50. Counsel for the respondent submits that the question for this Court is whether the District Judge acted within the parameters of the Supreme Court decision in O.A. in deciding to refuse the applicant her costs. Counsel contends that this question must be answered in the affirmative having regard to the transcript of the District Judge’s ruling on costs. It is further contended that it is not appropriate for the applicant, via this application, to question the appropriateness of the failure of the Legal Aid Board to grant her a certificate of legal aid, particularly when the operation of the Legal Aid Scheme is not a matter within the power or control of the respondent.
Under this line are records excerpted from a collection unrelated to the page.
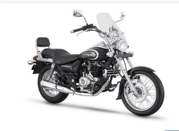
Bajaj Avenger 200cc

68,000 Km, Petrol, First Owner, Jaipur, 2008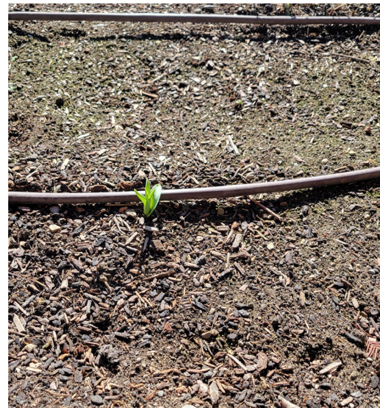
Top: the honor society garden by Craig Newsom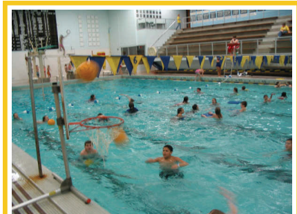
UW-Eau Claire's grant project-the lock-in!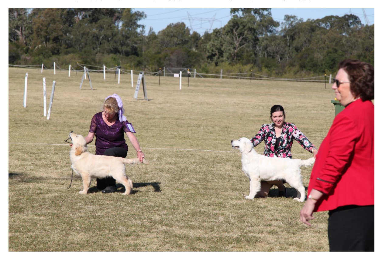
Photo Below: Minor Puppy Dog and Minor Puppy Bitch** competing for Minor Puppy in Show

Photo Below: Baby Puppy Dog and Baby Puppy Bitch **competing for Baby Puppy in Show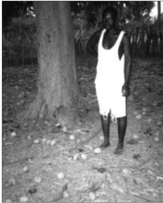
Rotting mangoes, Djinaki, Casamance: 'conflict mangoes' form an important part of the war economy in Casamance

local coping and survival economies. Each has distinctive features, but all are interconnected, with many actors engaged in more than one type. Terms such as 'licit' and 'illicit' economy start to look inadequate in these situations (as they do in many peacetime environments – see Chabal and Daloz, 1999). For instance, a particular community may be primarily engaged in subsistence agriculture within the 'coping economy'. At the same time, people may also have diversified their livelihood strategies to spread risk, including participating in the shadow and 'war' economies, for example through unregulated mining, smuggling or poppy cultivation. In one village in Afghanistan's Jaji District, for instance, the number of families engaged in growing cannabis increased from five to over 20 between 2000 and 2001. Likewise, different commodities – some essential to poor people's livelihoods and survival, others a key part of the war economy – may travel along the same commercial routes. In Afghanistan, for instance, warlords, conflict profiteers, traders and aid agencies all use the same informal money-changers ( sarafis ) and money-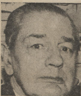
Lord Clancarty: "It's a Whitehall cover-up"

Lord Clancarty, leader of the peers, is determined to call a full House of Lords debate on UFOs after getting defence officials to admit they examined reports of 2,250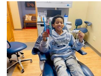
At the end of my visit, I'll get a toothbrush and a prize!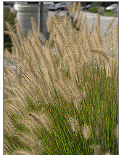
Hameln Dwarf Fountain Grass flowers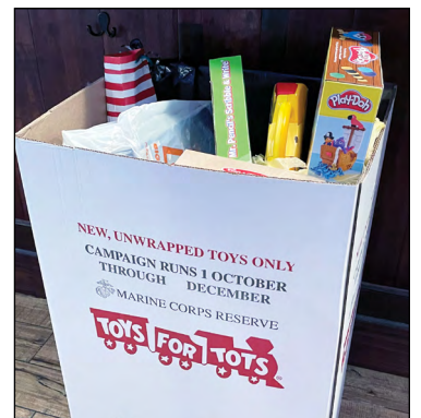
24 new toys were donated.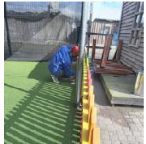
At work on maintenance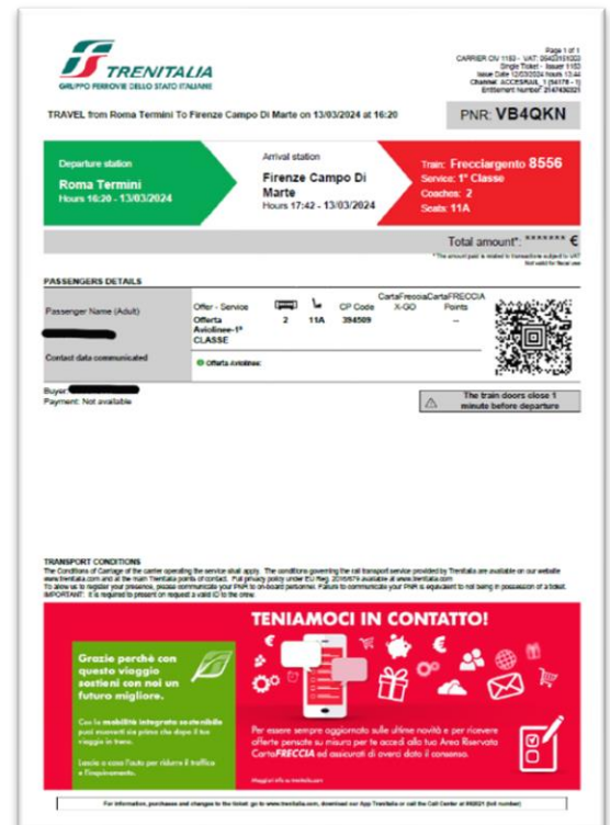
Figure 9: Trenitalia Train Ticket Example

Passengers who arrive at Fiumicino Airport or Malpensa Airport will receive two tickets and a Second page, instructions on how to take the express service, when they check-in. The red section at the top of the ticket indicates if it is the airport express train, or if it is a Freccioargento or Freccirossa train.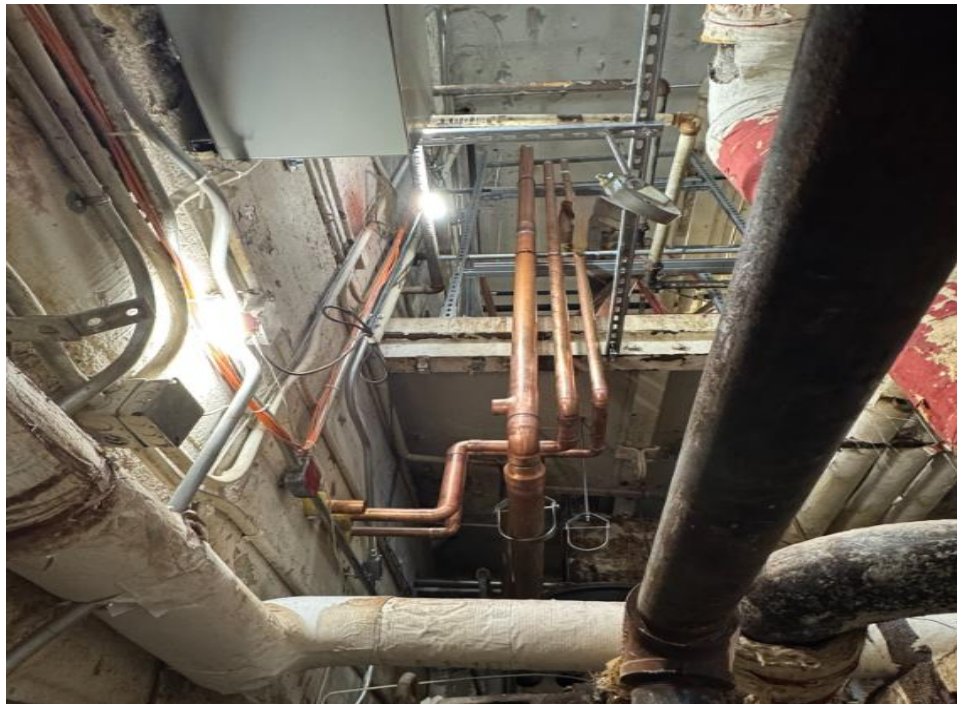
Hempstead ABGS MS – New Domestic Water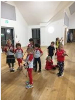
Rainbow – Indoor Archery

If you know any girls between the age of 4 and 7 years old who would be interested in joining Rainbows, we would be delighted to hear from you. You can register on the Girl Guiding website, http://girlguiding.org.uk/register or email us at grundisburghguiding@gmail.com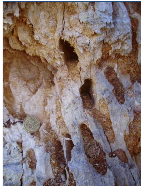
Larval bores and pupation chambers of P. australis in a large Banksia marginata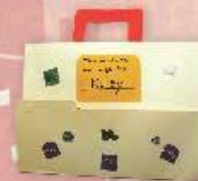
Prayer Tool Box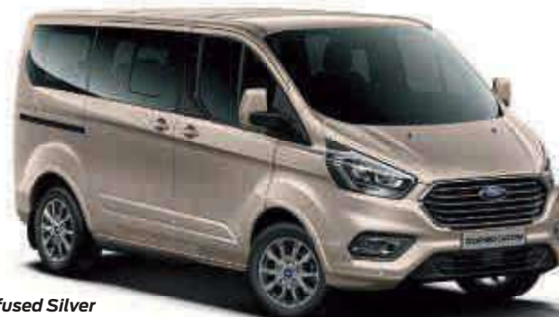
Diffused Silver Metallic body colour*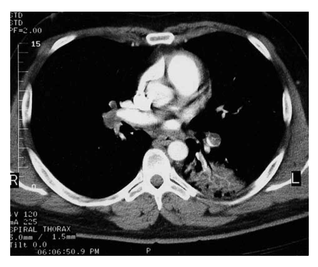
Fig. 3.—Helical computed tomography angiogram showing thrombus in both lower lobe pulmonary arteries with a wedge-shaped consolidation in the superior segment of the left lower lobe.

It will be necessary to obtain some estimate of the degree of risk associated with immobility while sitting using a computer, to enable appropriate recommendations to be made regarding prophylaxis. With the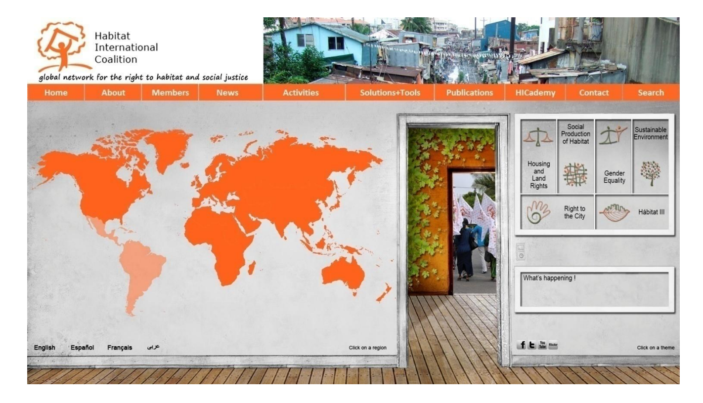
New HIC Portal (www.hic-net.org)

year started with a very active participation in and around WUF7 in Medellín. HIC was not only attending the official event, but also organized other activities with local organizations. The GS also coordinated the strategy for Prep Com 1 in New York and participated in the international Working Group on Habitat III together with other Networks and Partners supporting the participation of HIC representatives in the above mentioned event. Communication played an important role in these activities; thanks to the coordination of the Working Group on Visibility, various press releases and documents were launched and distributed, disseminating HIC's position. In relation with the Right to the City For All project, the Secretariat has been deeply involved in the preparation of the international event on the Right to the City and in redacting the documents that emerged from this activity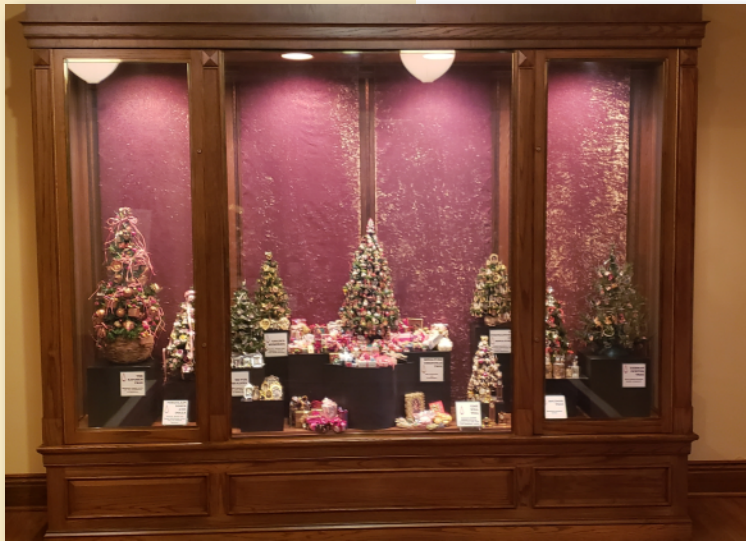
Miniature Christmas trees created by Sylvia Jackson.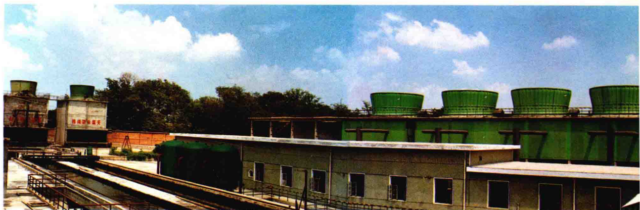
污染治理 Pollution management.

The favourable biological environment has effectively promoted a quick transformation from environmental theories into real action.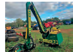
Spearhead Excel 605 Hedge Trimmer, good working order, 1.2m head, hyd roller £12,500 RM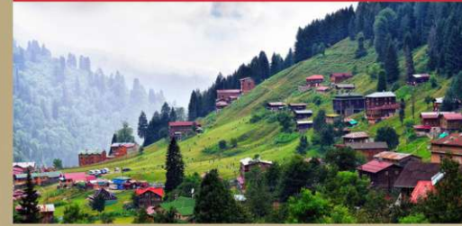
Ayder The Alpine Paradise of Turkey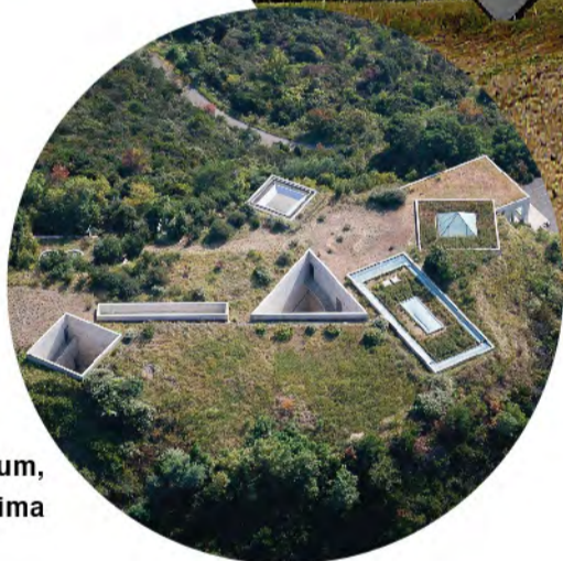
* Chichu Art Museum, Naoshima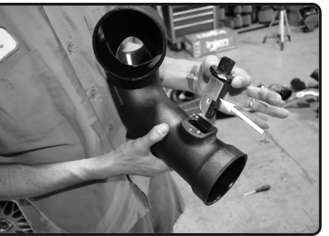
10. Place the MAF sensor into the Injen intake tube and secure it with the two M4 supplied screws.

9. Install the Injen upper airbox and plenum onto the lower OEM airbox assembly and attach the 3 factory metal clips to secure the Injen air box to the OEM air box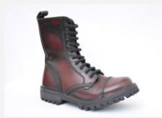
Model: 141 DO/DP Price: 35,25 € / 34,25 €

51. Having considered the parties submissions on this issue, I am satisfied, in all the circumstances of this case, that the applicant’s challenge to the costs ruling on the legal aid ground has been made out. In Health Service Executive v. O.A. [2013] 3 I.R. 287, O’Malley J. determined that the question of the potential eligibility for legal aid of a parent in proceedings under the Child Care Act 1991 was not a matter that had any bearing on their entitlement to apply for costs. O’Malley J. addressed the issue in the following terms:

      “I conclude that the mother was entitled to choose her own representative, that she was not in any way obliged to apply for legal aid and that her eligibility for legal aid, whether established or presumed, has no bearing on her entitlement to apply for her costs.” (at para. 69)
52. It is axiomatic that, in the course of her consideration of the costs application, the learned District Judge took into account the fact that the applicant had applied for legal aid and had been refused a certificate. To my mind, this was not something the District Judge was entitled to do in the exercise of her jurisdiction, having regard to what was stated by O’Malley J. in HSE v. O.A. Thus, the fact that the District Judge factored into her consideration on costs a discussion of how the applicant fared in seeking legal aid invokes a reasonable apprehension that that the District Judge’s considerations on the question of costs strayed outside the parameters set by MacMenamin J. in O.A. There is no way of ascertaining, from the face of the decision, just how prevalent a factor the District Judge’s anxiety that the unavailability of legal aid for the applicant should not be visited on the respondent was in the ultimate ruling on the costs application, over and above the other factors considered by the learned Judge. Accordingly, the Court is satisfied that the frailty which attaches to the decision impacts upon its lawfulness such that the appropriate remedy is an order of certiorari and a remittal of the matter to the District Court for fresh consideration.

53. I should add that notwithstanding the applicant’s counsel’s submissions, the Court did not find it either necessary or appropriate to consider the wider argument canvassed on behalf of the applicant, namely whether the refusal of costs to the applicant amounted to a failure to secure the administration of justice.